Historic house in Virginia, United States

Walnut Grove is an historic Greek Revival-style house in Spotsylvania County, Virginia. The house was built in 1840 on land that was purchased by Jonathan Johnson in 1829. Markings on the exposed oak beams indicate that Walnut Grove was built by William A. Jennings. Jennings was recognized as a master builder of Greek Revival homes during that period. Walnut Grove was added to the National Register of Historic Places in August 2004.

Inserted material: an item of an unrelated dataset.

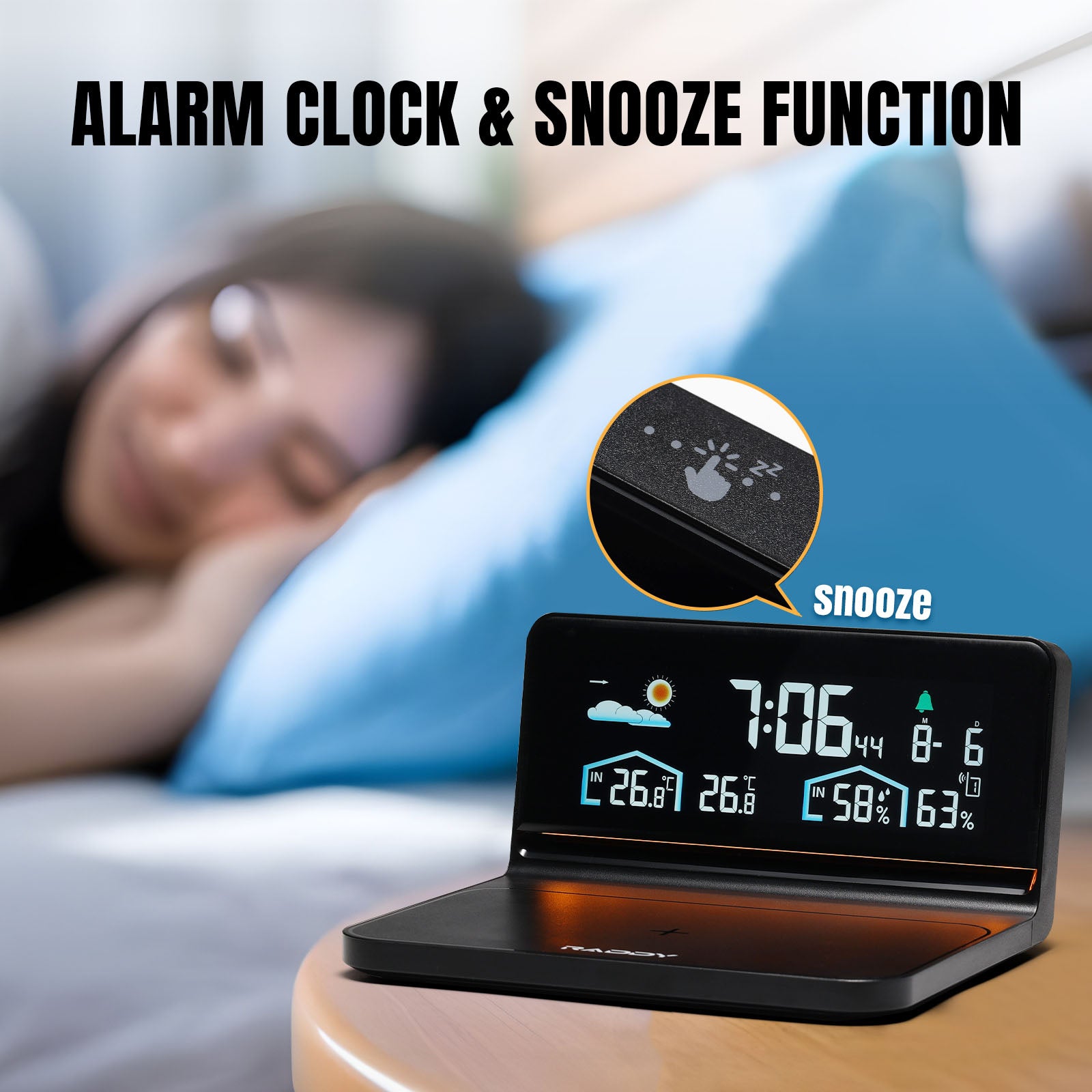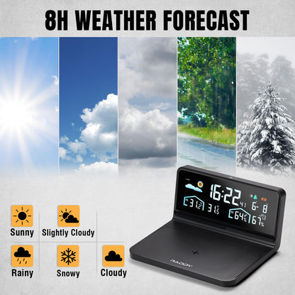 Upgrade your space with the Raddy DT5-W weather station, featuring 15W QI wireless charging for a clutter-free experience. The clear, wide-angle display ensures easy viewing of the time and weather from any position. Set alarms and use the convenient Snooze function, while the display offers four levels of manual backlight adjustment, automatic backlight settings, and a soothing ambient light strip beneath the screen. Keep track of daily high/low temperature and humidity records and stay informed with an 8-hour weather forecast.

==Design and construction==
Walnut grove is a five-bay house with a raised brick basement. The front porch is distinctive Greek Revival. The flat porch roof over the entrance is supported by four square Tuscan columns joined by the original balustrades. The entry is adorned with carved sidelights and a leaded tracery transom. The shutters on the basement and first floor windows are original. The roof is hipped.
The house's floor plan is L-shaped. Like the front entrance, the rear porch roof rests on Tuscan columns. The house has three brick interior-end chimneys. Oak beams in the hallway, kitchen, and dining room walls are exposed. These beams show Roman numerals indicating where joists are to be attached. These markings are identical to markings in Edgewood, another of Jennings' houses.

Little has changed in the appearance of Walnut Grove since the mid-1800s. On the grounds, there is the original smokehouse, as well as the stone fireplace of the 18th century Coleman house that was built at Walnut Grove prior to the current house. This fireplace was once the kitchen for the home.

In the 1980s the Bond house, an 18th-century building, was moved from Louisa County, Virginia to Walnut Grove. The restoration of this building, which currently serves as a bed and breakfast, was recognized by the Spotsylvania Preservation Foundation. The grounds also feature an English garden, vegetable gardens, orchards, and a vineyard.